Perhaps the more important challenge is not achieving perfect feedstocks. Perhaps it is building systems capable of handling imperfect ones — shifting innovation from collection towards processing, from controlling inputs towards adapting to variability, from purity towards resilience.
The distinction may sound technical. It is actually social. Communities capable of dealing with imperfect realities tend to be more resilient than those dependent on ideal conditions.
The return of the local energy system
There is another pattern here. Many of the most interesting opportunities emerge when systems become local enough to understand. Not isolated. Connected. But locally legible. A town producing biogas from local organic waste — generating electricity, producing heat, creating carbon products, supporting local agriculture, creating skilled jobs, monitoring its own environmental performance, training young people.

The individual technologies are not revolutionary. The configuration is. Infrastructure stops being something delivered from elsewhere and becomes something participated in. Something owned. Something understood. The capability remains in the place.
Many communities possess infrastructure. Far fewer possess agency. The distinction matters.
Waste as a capability system
What if the real output of a waste facility is not energy? What if it is capability?
That framing shifts the discussion entirely. The facility stops being a cost centre and becomes part of a wider resilience system — a place where biology, engineering, materials science and community wealth intersect. Not because someone planned a grand vision, but because value was allowed to remain where it emerged.
What could be tested next
This is still a proposition rather than a finished system. Many technical, commercial and regulatory questions remain — which is precisely why small-scale experimentation matters. A single monitored pod. A methane-capture pilot. A carbon-characterisation programme. Testing char from mixed plastic streams. Exploring methane-to-hydrogen conversion. Creating local markets for carbon products. None of these require a complete answer. They require a place willing to learn.

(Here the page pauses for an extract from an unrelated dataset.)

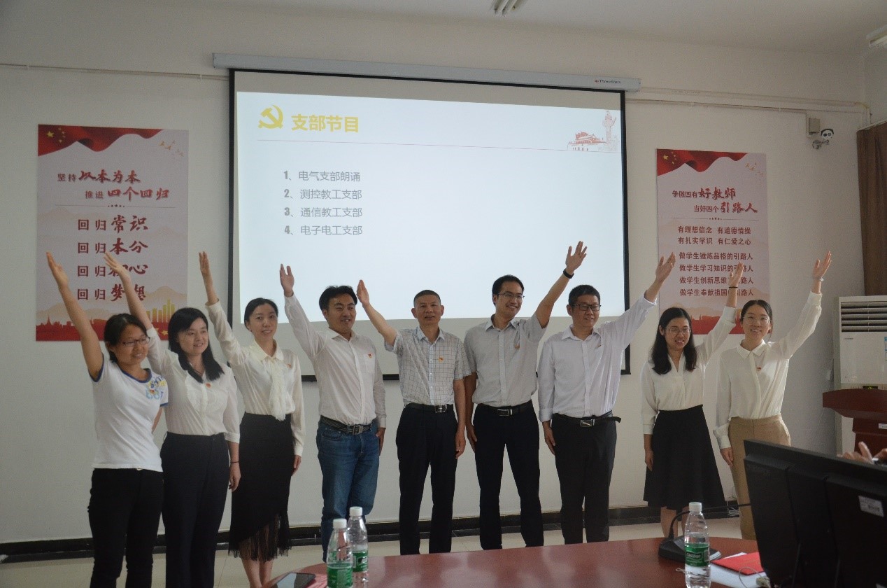 接下来四个教研室党支部通过朗诵、合唱等形式为党的百年华诞献上节日的祝福,祝福伟大的党青春永驻,伟大的祖国繁荣富强,伟大的人民幸福安康。

Dolgellau has often served as that kind of place in my thinking. Not because it is unique. Because it is comprehensible. Small enough to understand, large enough to matter. The lesson would not belong to Dolgellau; it would travel — just as lessons from Battery Island travel beyond islands, and lessons from letting water back into landscapes travel beyond river catchments. The place is the laboratory. The capability is the output.
One line
Perhaps the future of waste is not learning how to dispose of things more efficiently.
Perhaps it is learning how to recognise the value we have been burying all along.